== Segment start ==
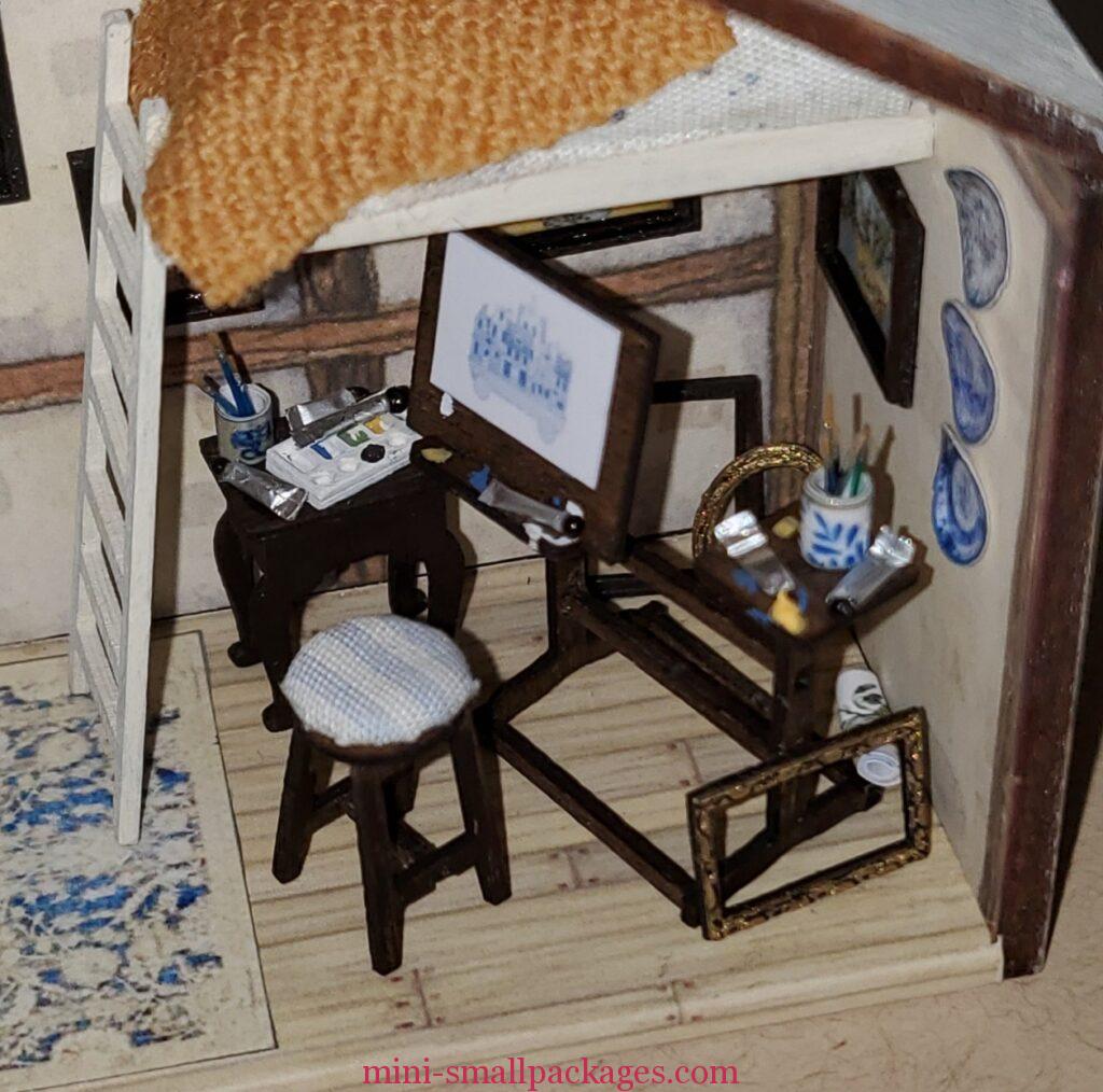 We were provided with foil to roll for the paint tubes and they were just the neatest thing. I used a strip maybe 1/4th inch wide. I rolled around my smaller quilling tool. After rolling so far I decided to stop and apply a touch of glue. The width of the roll to make ones in scale. Granted tubes do come in different sizes. After that is when I cut then into 2 tubes. Certainly I could have rolled the full width then cut them apart. However doing so requires one to open one end. Might try alternating direction of each cut. Meaning rotate one quarter turn. This would put the crimped spot opposite. Can then squish together one end for the opening end.
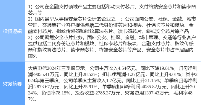 该股为国产芯片,半导体,移动支付概念热股,当日国产芯片概念上涨3.12%,半导体概念上涨2.94%,移动支付概念上涨2.62%。
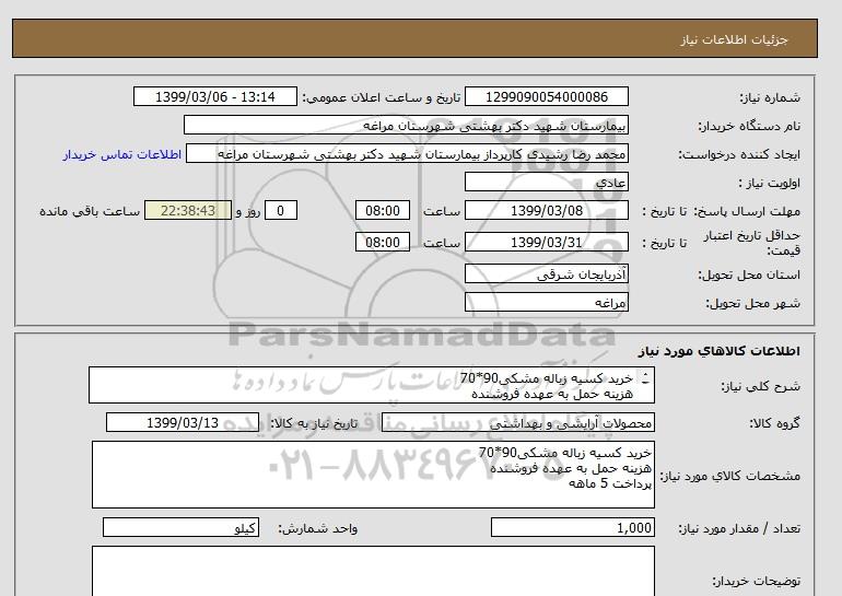 نام دستگاه خریدار:بیمارستان شهید دکتر بهشتی شهرستان مراغه
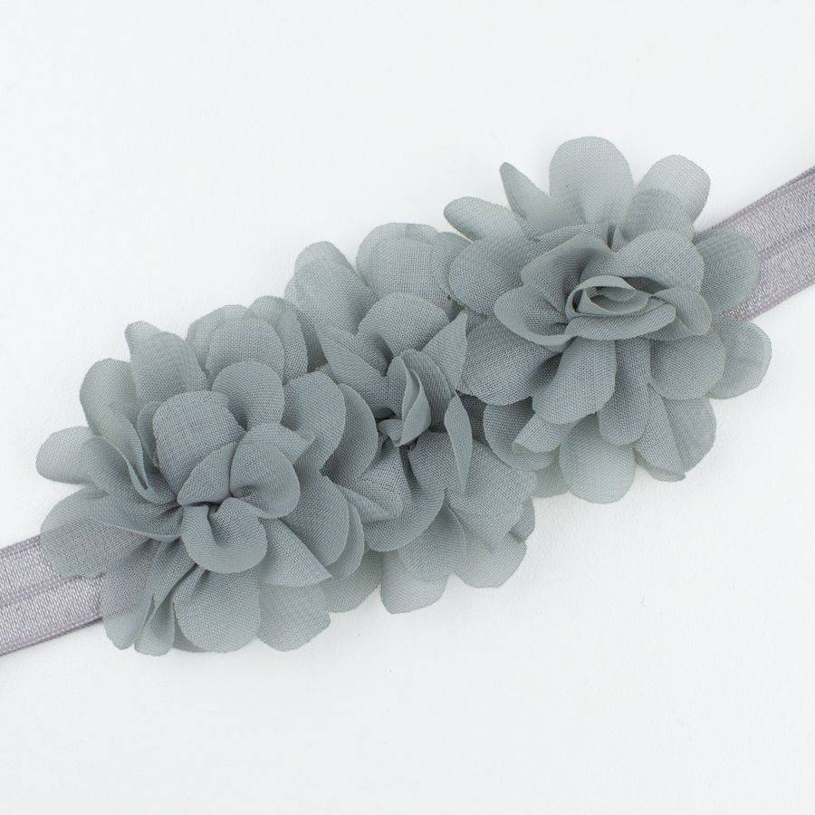 Baby haarbandje drie chiffon bloemetjes (grijs)
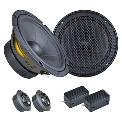 | Тип на високоговорителитеКоаксиални високоговорители: Коаксиалните високоговорители се характеризират с конструкция, наречена всичко в едно. Високочестотният и среднобасовият говорител са в един и същ кош. Предимството е по-лесен монтаж, но поради свързването или близостта на честотните диапазони в един говорител обикновено се понижава качеството на звука. Обикновено в центъра на среднобасовия говорител се намира високочестотният говорител, чиито звукова бобина работи във втората въздушна междина на общия магнитен кръг. Коаксиален говорител с три честотни диапазона се състои от среднобасов говорител, отпред на специален носач е поставен средночестотният говорител и отделен високочестотен. Компонентни високоговорители: Компонентните високоговорители се отличават с разделянето на отделни честотни диапазони: високочестотен + среднобасов + евентуално басов диапазон. Отделните говорители могат да бъдат разположени напълно отделно, което води до по-добро звуково и акустично представяне. В огромното мнозинство от случаите при компонентните високоговорители се доставя и външна кросоувърна мрежа, която разделя високите, средните/среднобасовите и при системи с три честотни диапазона и басовите честоти, както и позволява настройване на нивото в децибели на високочестотния говорител (напр. +2 dB, 0 dB, -2 dB), стръмността (напр. 6 dB/октава, 12 dB/октава) или активно/bi-amp свързване. | Компонентни двулентови |
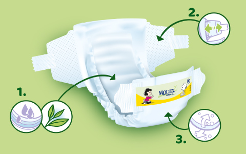 Der absorbierende Kern in MOLTEX Natur Nr. 1 besteht aus 100% chlorfreiem Zellmaterial (TCF). Gerüche werden von einem Teeblattextrakt absorbiert. Der dreilagige Absorber sorgt für eine schnelle Absorption der Flüssigkeit, die im absorbierenden Gel in MOLTEX-Natur Nr. 1 gespeichert ist. Das hält die Hautbereiche in Kontakt mit der Windel spürbar trocken.
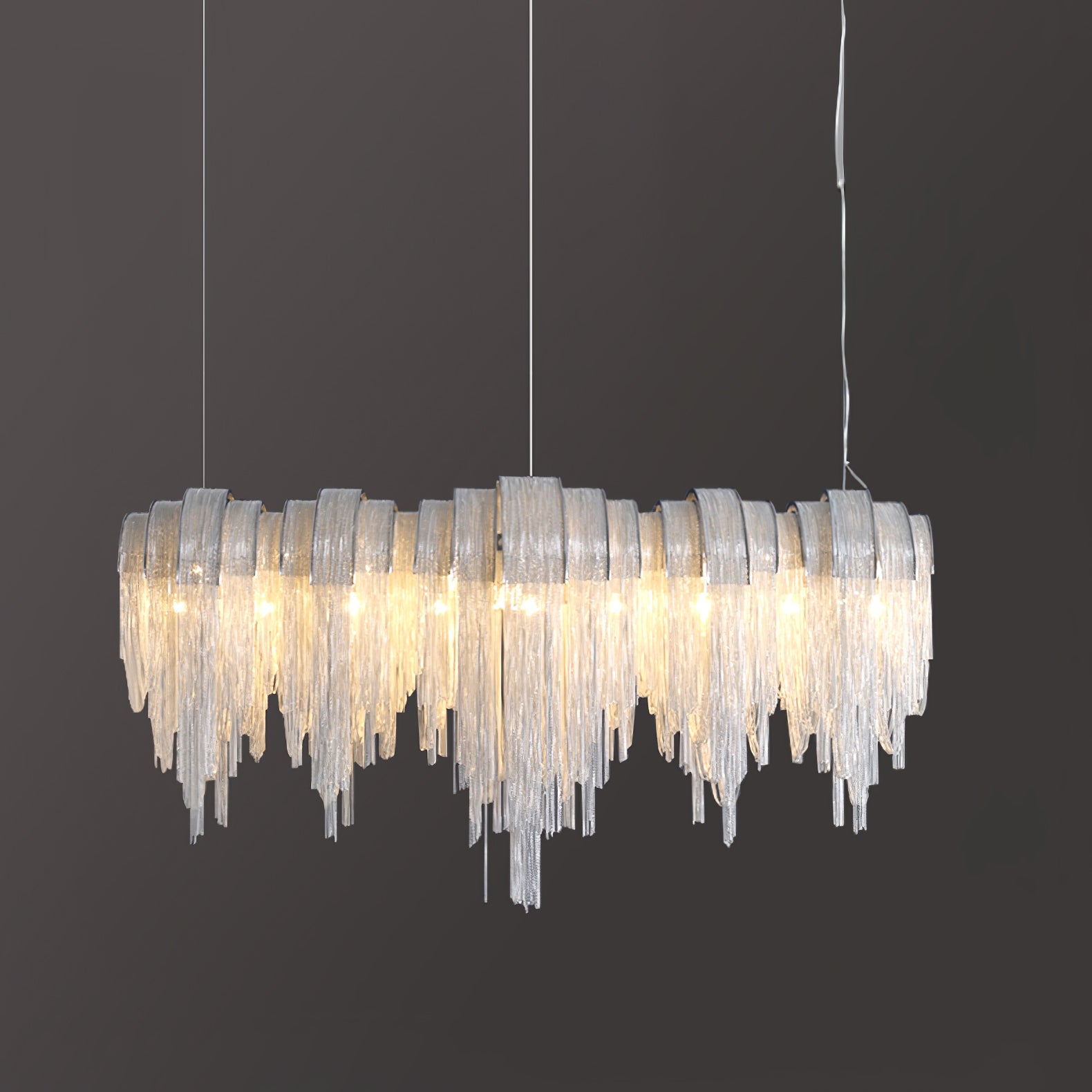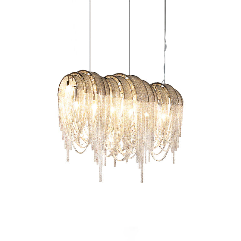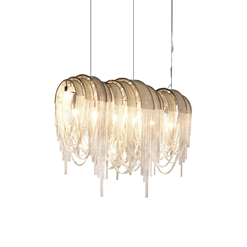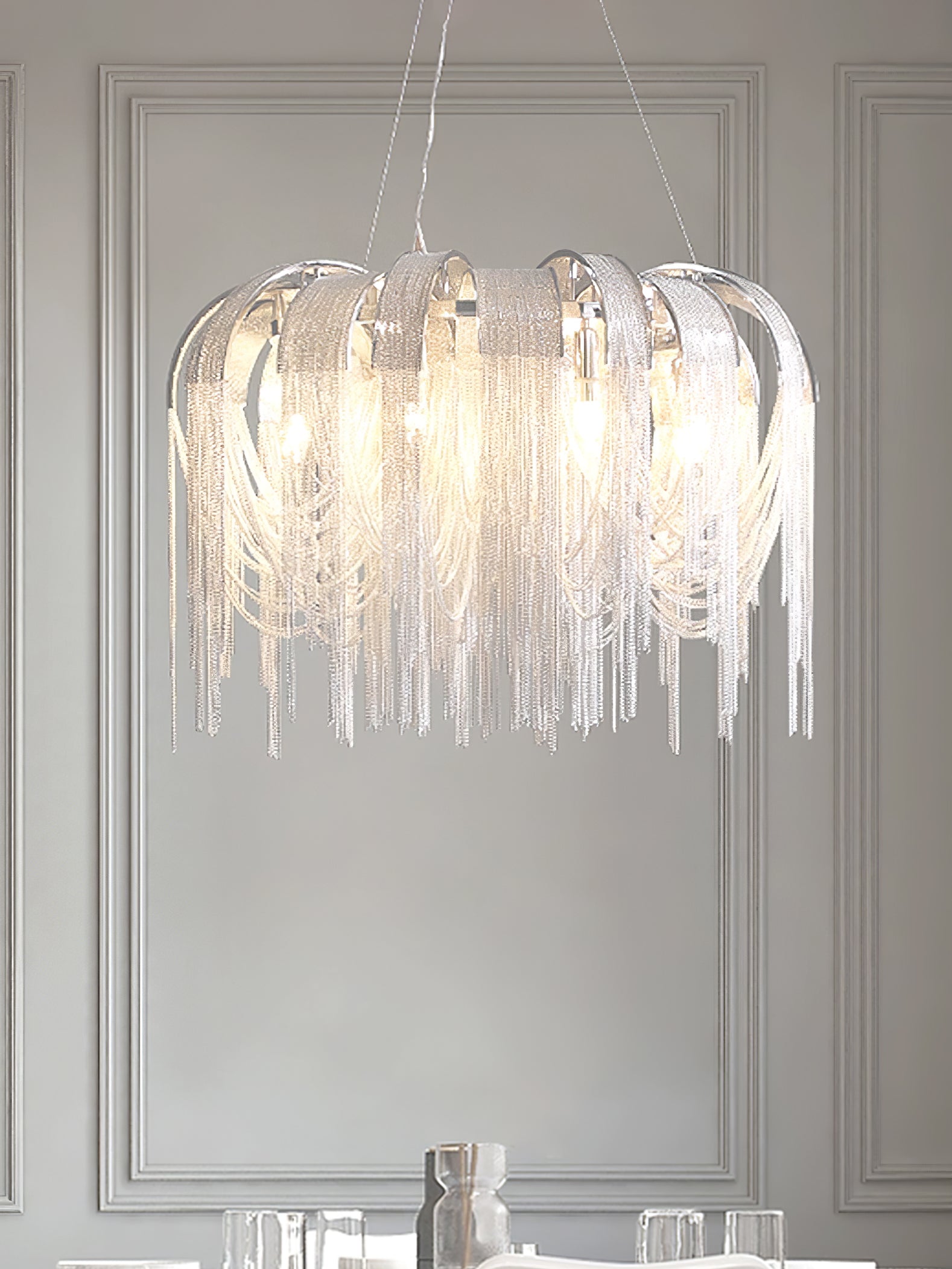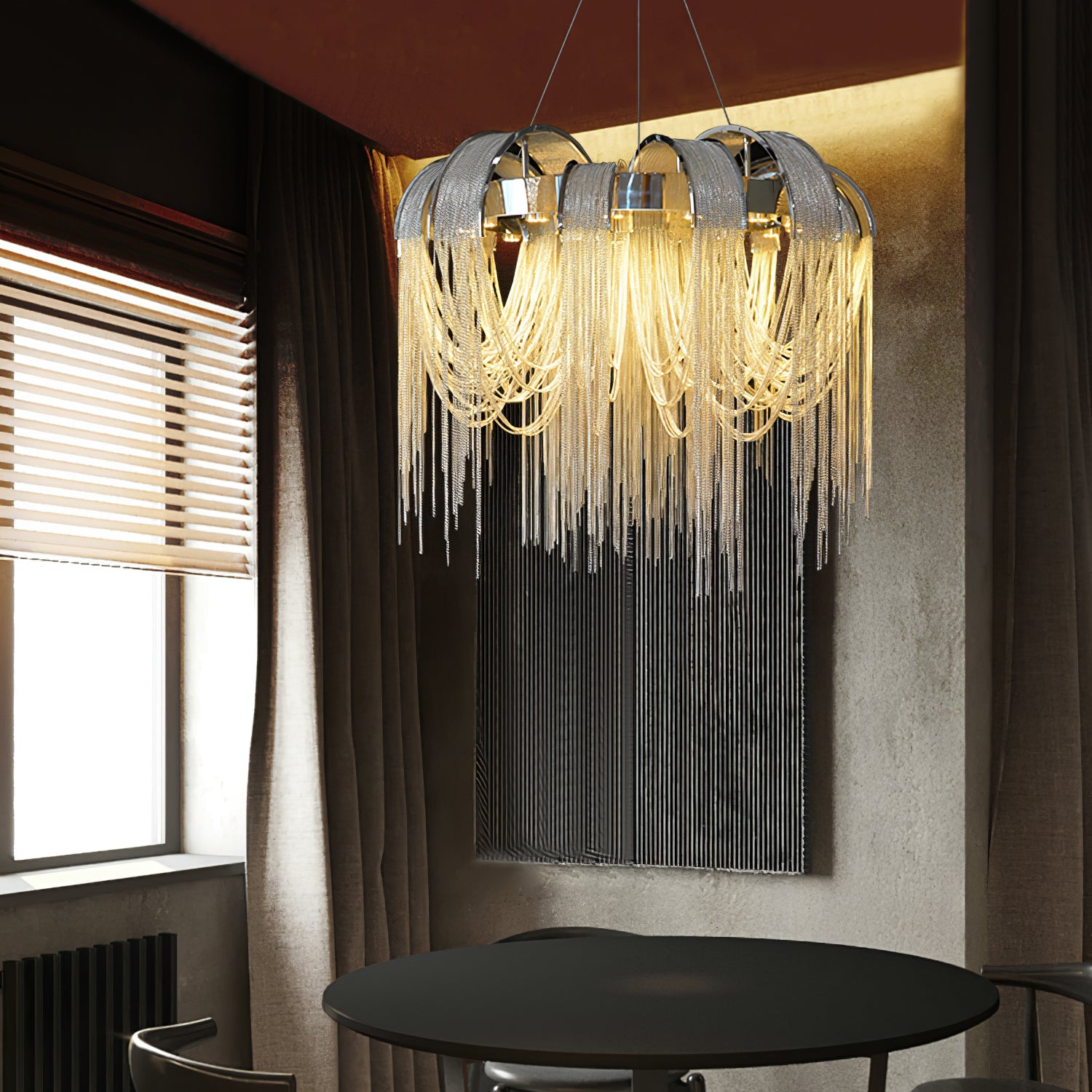 Length Chains Chandelier -kiiltävä massa kiillotettua peräkkäistä juoksevuutta korostaa ylellisyyttä ja yhdistää yrityksen esteettisen kiinnostuksen tyylikkäästi päällystettyihin metalliketjuvalaisimiin energiatehokkaalla LED-tekniikalla. Pitkänomaiset nikkelipinnoitetut ketjut leviävät ylellisesti LED-valot sisältävän onton keskikehyksen ympärille ja luovat lakkaamattoman nykyaikaisen kimalteen uudelle tasolle ylellisyyttä varten.
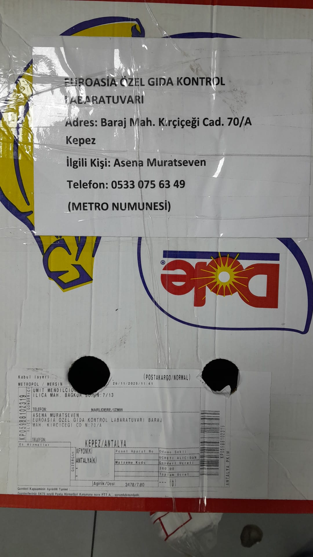 Kapıdan 1 adet numune teslim alındı | 05.11.2025 15:49 | ||
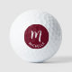 Customise golf balls with your initial monogram and name. Designed with a bold white script font on a deep red background.
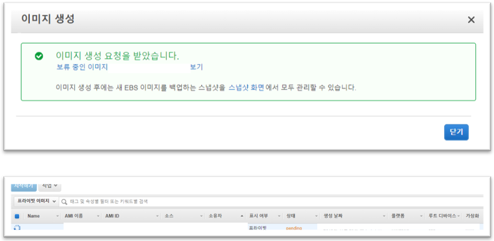위와 같은 창이 팝업 하며, 이미지가 생성된다. 진행사항은 좌측 이미지 카테고리 - AMI에서 확인 가능하다.(이미지 생성 중일 때 상태값이 pending 이며, 생성이 완료되면 available 으로 표시된다.
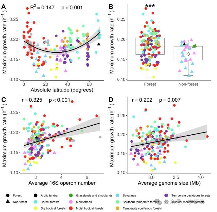 估計(jì)的最大生長(zhǎng)速率在生物群落中表現(xiàn)出顯著的變化,在熱帶和溫帶/北緯地區(qū)觀測(cè)到較高的最大生長(zhǎng)速率,而在干旱的亞熱帶地區(qū)觀測(cè)到較低的最大生長(zhǎng)速率(圖1A)。從緯度的角度分析,森林生物群落的最大生長(zhǎng)速率普遍較高(圖1B)。
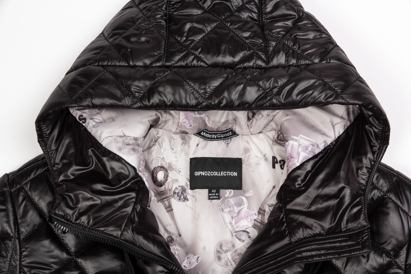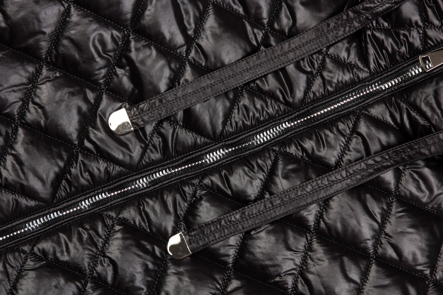 Стеганое пальто в спортивном стиле прекрасно подойдет на осень. В этом пальто можно быть уверенной, что в нем будет не холодно осенними днями. Украшением изделия служит металлическая фурнитура и разрезы на молниях по боковым швам. Удобный капюшон защитит от дождя и ветра. Центральная застежка на молнию. Утеплитель термофин, плотность 200. черный
== Segment end ==
Copy these entries precisely and drop any picture.

* _Task result_
 We were provided with foil to roll for the paint tubes and they were just the neatest thing. I used a strip maybe 1/4th inch wide. I rolled around my smaller quilling tool. After rolling so far I decided to stop and apply a touch of glue. The width of the roll to make ones in scale. Granted tubes do come in different sizes. After that is when I cut then into 2 tubes. Certainly I could have rolled the full width then cut them apart. However doing so requires one to open one end. Might try alternating direction of each cut. Meaning rotate one quarter turn. This would put the crimped spot opposite. Can then squish together one end for the opening end.
 该股为国产芯片,半导体,移动支付概念热股,当日国产芯片概念上涨3.12%,半导体概念上涨2.94%,移动支付概念上涨2.62%。
 نام دستگاه خریدار:بیمارستان شهید دکتر بهشتی شهرستان مراغه
 Baby haarbandje drie chiffon bloemetjes (grijs)
 | Тип на високоговорителитеКоаксиални високоговорители: Коаксиалните високоговорители се характеризират с конструкция, наречена всичко в едно. Високочестотният и среднобасовият говорител са в един и същ кош. Предимството е по-лесен монтаж, но поради свързването или близостта на честотните диапазони в един говорител обикновено се понижава качеството на звука. Обикновено в центъра на среднобасовия говорител се намира високочестотният говорител, чиито звукова бобина работи във втората въздушна междина на общия магнитен кръг. Коаксиален говорител с три честотни диапазона се състои от среднобасов говорител, отпред на специален носач е поставен средночестотният говорител и отделен високочестотен. Компонентни високоговорители: Компонентните високоговорители се отличават с разделянето на отделни честотни диапазони: високочестотен + среднобасов + евентуално басов диапазон. Отделните говорители могат да бъдат разположени напълно отделно, което води до по-добро звуково и акустично представяне. В огромното мнозинство от случаите при компонентните високоговорители се доставя и външна кросоувърна мрежа, която разделя високите, средните/среднобасовите и при системи с три честотни диапазона и басовите честоти, както и позволява настройване на нивото в децибели на високочестотния говорител (напр. +2 dB, 0 dB, -2 dB), стръмността (напр. 6 dB/октава, 12 dB/октава) или активно/bi-amp свързване. | Компонентни двулентови |
 Der absorbierende Kern in MOLTEX Natur Nr. 1 besteht aus 100% chlorfreiem Zellmaterial (TCF). Gerüche werden von einem Teeblattextrakt absorbiert. Der dreilagige Absorber sorgt für eine schnelle Absorption der Flüssigkeit, die im absorbierenden Gel in MOLTEX-Natur Nr. 1 gespeichert ist. Das hält die Hautbereiche in Kontakt mit der Windel spürbar trocken.
 Length Chains Chandelier -kiiltävä massa kiillotettua peräkkäistä juoksevuutta korostaa ylellisyyttä ja yhdistää yrityksen esteettisen kiinnostuksen tyylikkäästi päällystettyihin metalliketjuvalaisimiin energiatehokkaalla LED-tekniikalla. Pitkänomaiset nikkelipinnoitetut ketjut leviävät ylellisesti LED-valot sisältävän onton keskikehyksen ympärille ja luovat lakkaamattoman nykyaikaisen kimalteen uudelle tasolle ylellisyyttä varten.
 Kapıdan 1 adet numune teslim alındı | 05.11.2025 15:49 | ||
 Customise golf balls with your initial monogram and name. Designed with a bold white script font on a deep red background.
위와 같은 창이 팝업 하며, 이미지가 생성된다. 진행사항은 좌측 이미지 카테고리 - AMI에서 확인 가능하다.(이미지 생성 중일 때 상태값이 pending 이며, 생성이 완료되면 available 으로 표시된다.
 估計(jì)的最大生長(zhǎng)速率在生物群落中表現(xiàn)出顯著的變化,在熱帶和溫帶/北緯地區(qū)觀測(cè)到較高的最大生長(zhǎng)速率,而在干旱的亞熱帶地區(qū)觀測(cè)到較低的最大生長(zhǎng)速率(圖1A)。從緯度的角度分析,森林生物群落的最大生長(zhǎng)速率普遍較高(圖1B)。
 Стеганое пальто в спортивном стиле прекрасно подойдет на осень. В этом пальто можно быть уверенной, что в нем будет не холодно осенними днями. Украшением изделия служит металлическая фурнитура и разрезы на молниях по боковым швам. Удобный капюшон защитит от дождя и ветра. Центральная застежка на молнию. Утеплитель термофин, плотность 200. черный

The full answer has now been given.